CV3 = GridSearchCV(pipeline3, params3, n_jobs=-1, verbose=1)

CV3.fit(X_train, y_train)

[Parallel(n_jobs=-1)]: Using backend LokyBackend with 8 concurrent workers.


Fitting 3 folds for each of 48 candidates, totalling 144 fits


[Parallel(n_jobs=-1)]: Done  34 tasks      | elapsed:  1.2min
[Parallel(n_jobs=-1)]: Done 144 out of 144 | elapsed:  5.5min finished


GridSearchCV(cv='warn', error_score='raise-deprecating',
             estimator=Pipeline(memory=None,
                                steps=[('count_vect',
                                        CountVectorizer(analyzer='word',
                                                        binary=False,
                                                        decode_error='strict',
                                                        dtype=<class 'numpy.int64'>,
                                                        encoding='utf-8',
                                                        input='content',
                                                        lowercase=True,
                                                        max_df=1.0,
                                                        max_features=None,
                                                        min_df=1,
                                                        ngram_range=(1, 1),
                                 

In [16]:
CV3.best_params_

{'SVM__degree': 2,
 'SVM__kernel': 'rbf',
 'count_vect__max_df': 0.5,
 'count_vect__min_df': 0.005,
 'count_vect__ngram_range': (1, 1)}

In [17]:
# Support Vector Machine accuracy on the train set
y_pred_train3 = CV3.predict(X_train)
accuracy_score(y_train, y_pred_train3)

0.6420433270928055

In [18]:
# Support Vector Machine accuracy on the validation set
y_pred_val3 = CV3.predict(X_val)
accuracy_score(y_val, y_pred_val3)

0.6456201647117544

## Final evaluation

In [19]:
print(f'''Accuracy on the validation score:

LogisticRegression accuracy: {accuracy_score(y_val, y_pred_val).round(2)}
RandomForestClassifier accuracy: {accuracy_score(y_val, y_pred_val2).round(2)}
SupportVectorClassifier accuracy: {accuracy_score(y_val, y_pred_val3).round(2)}''')

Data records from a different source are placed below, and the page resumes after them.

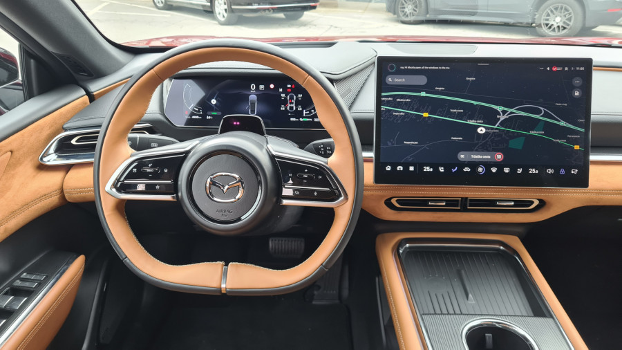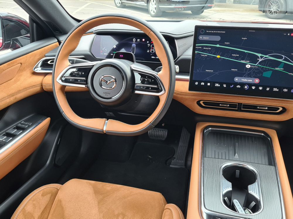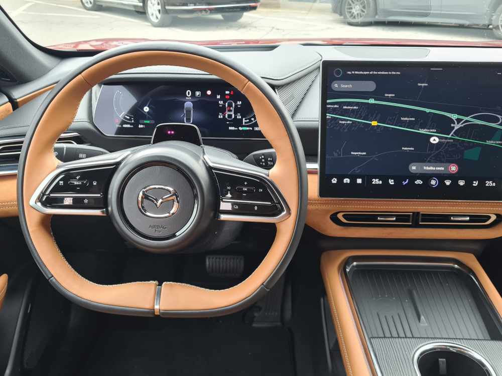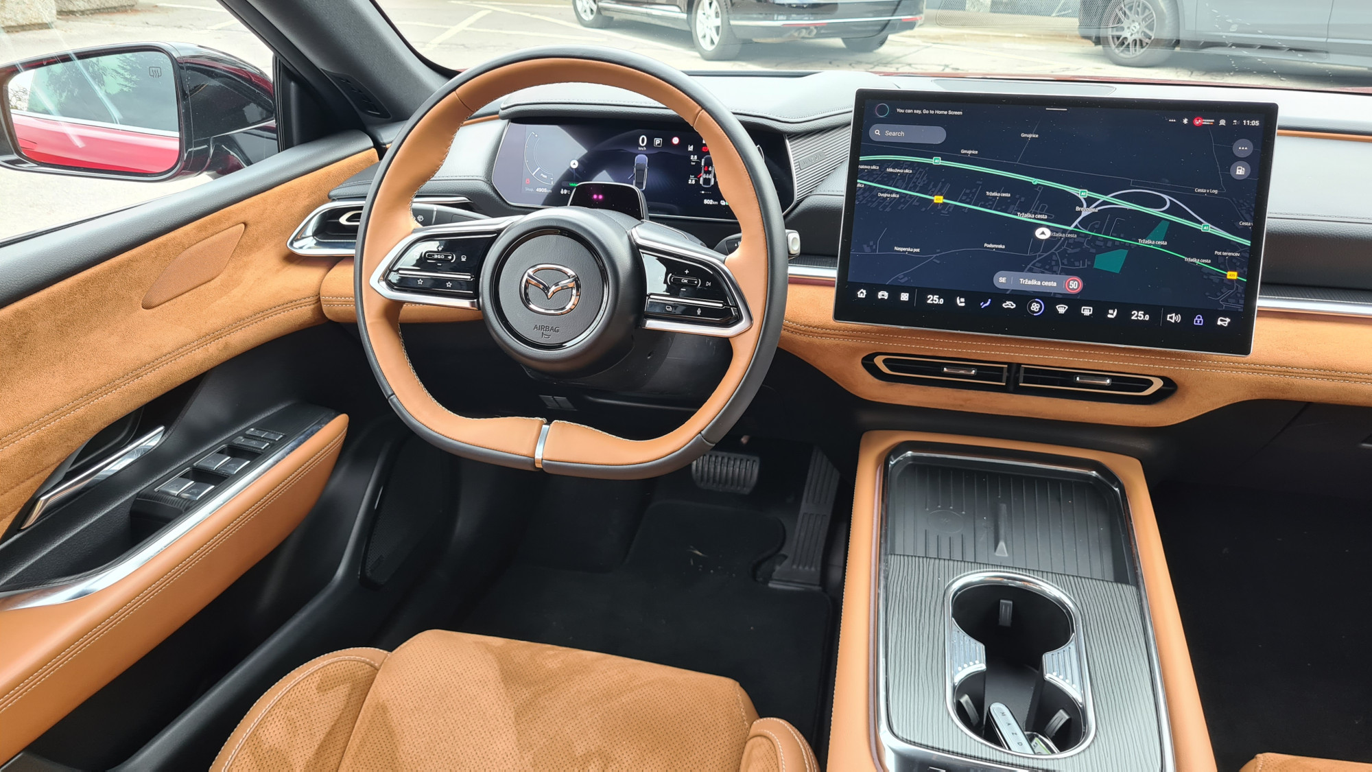 Kabina preseneti tako pozitivno kot negativno. Sama izdelava se mi je na kratki vožnji zdela dobra, še bolj zanimiva izbira materialov in barv. Po ergonomski postavitvi je notranjost povsem netipična za mazdo. Namesto diskretno postavljenega zaslončka na armaturi in vrtljivega stikala med sedežema je na sredini armaturne plošče zdaj velik zaslon na dotik. Požrl je vsa stikala in še ročico za brisalce.
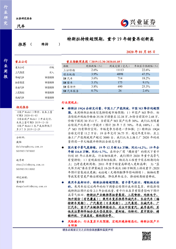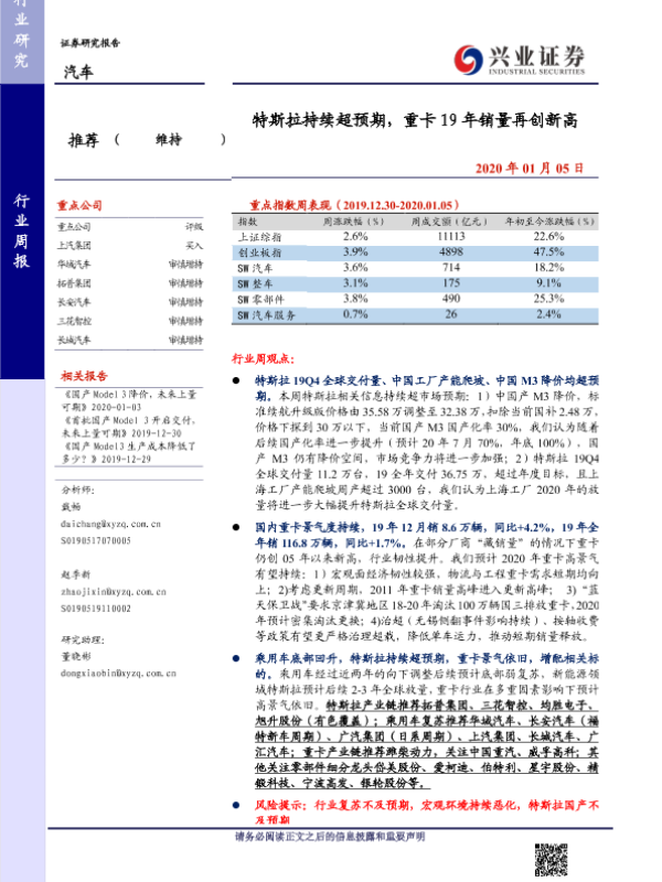 【兴业证券】【20200105】20200105-兴业证券-汽车行业周报:特斯拉持续超预期,重卡19年销量再创新高-18页
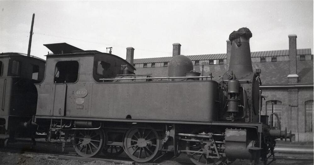 BeschrijvingWe zien een tenderlocomotief van het type 11 (Ct). De schoorsteen van deze locomotief is afgedekt omdat zij buiten dienst is gesteld. Op de achtergrond zien we enkele dienstgebouwen.
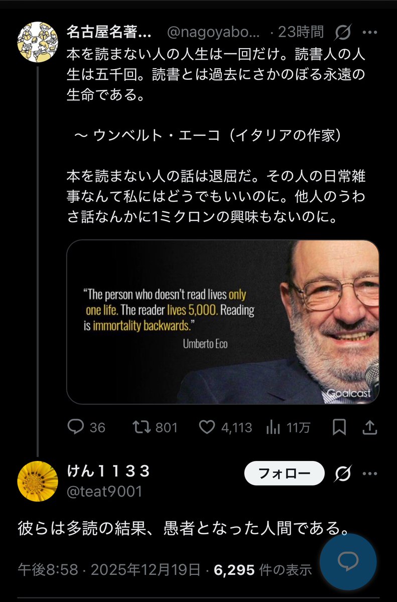 https://twitter.com/nagoyabookclub/status/2002170067958874293こちらのコメントに対する返信で、人間性が一発で露呈したように見えた。
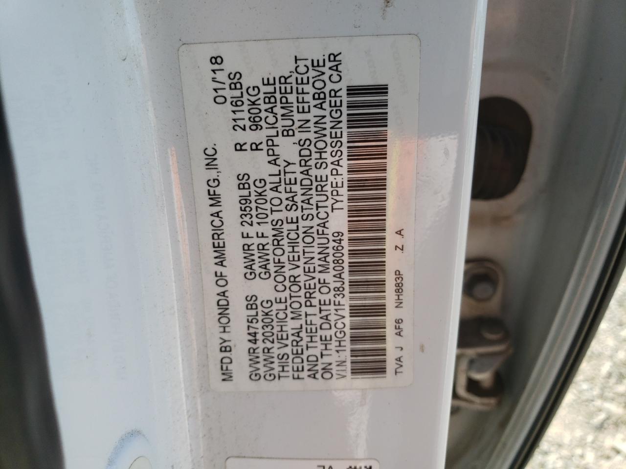 HONDA ACCORD 1.5 2018 г.в., (1HGCV1F38JA080649) из США
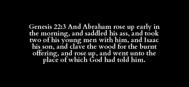 Genesis 22:3 And Abraham rose up early in the morning, and saddled his ass, and took two of his young men with him, and Isaac his son, and clave the wood for the burnt offering, and rose up, and went unto the place of which God had told him.
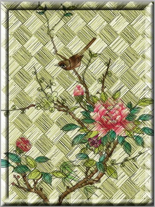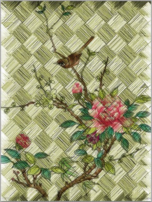 8、”Ctrl+O“打开一幅图片,将图片移到”竹编艺术“文件中,并按”Ctrl+T“调整图片到合适大小,设置图层混合模式为”正片叠底“,效果图如下所示:
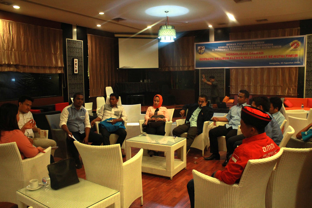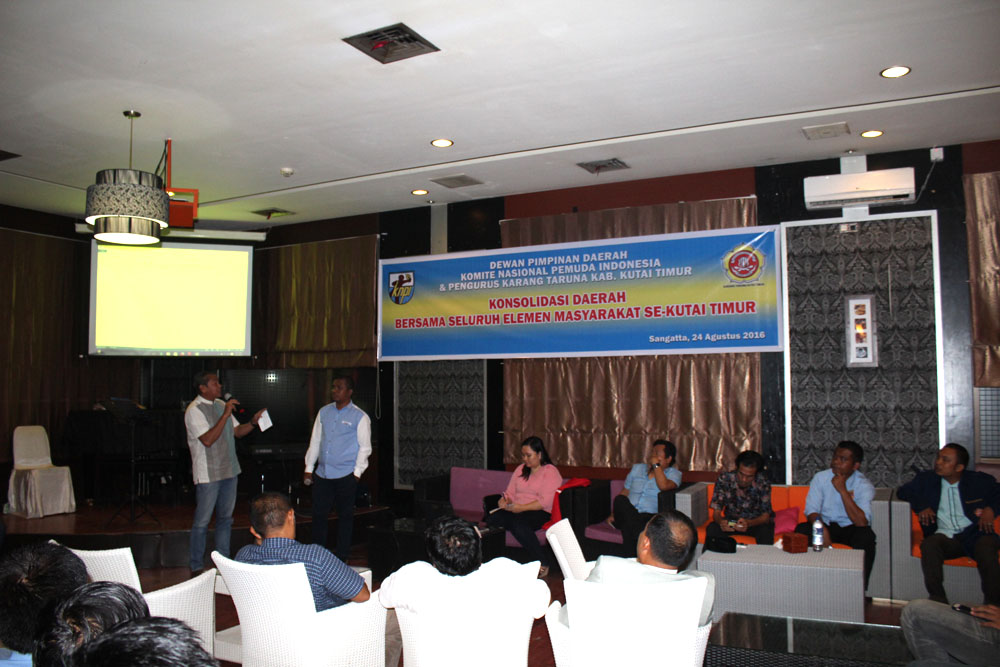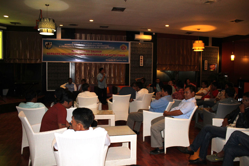 Sangatta, Dewan Pimpinan Daerah Komite Nasional Pemuda Indonesia (DPD KNPI) dan Karang Taruna Kutai Timur, mengadakan konsolidasi dengan seluruh elemen masyarakat setempat, di Hotel Royal Victoria, kamis (24/8) malam.

Accuracy on the validation score:

LogisticRegression accuracy: 0.68
RandomForestClassifier accuracy: 0.66
SupportVectorClassifier accuracy: 0.65


Based on these scores I recommend Logistic Regression model with best_params:
- regularization: 0.5

and Count Vectorizer with parameters:
- max_df: 0.5,
- min_df: 0.005,
- ngram_range: (1,2).


Now I'm going to run the final check on the test subset using only 1 model.

In [20]:
# Model accuracy on the test set is...
y_pred_test = CV.predict(X_test)
accuracy_score(y_test, y_pred_test)

0.6823059645620164

In [21]:
# while the train set accuracy was...
accuracy_score(y_train, y_pred_train)

0.6831773201390746

In [23]:
# and the 'dummy' model (assigning the most common group's label to every prediction) would give...
np.mean(y_test == np.mean(y_train).round(0))

0.5672572997254804

It seems that the model I prepared is better than random and isn't overfitted at the same time. The accuracy isn't that great, but broader grid search might have helped. Also, dimensionality reduction would be a good idea to try.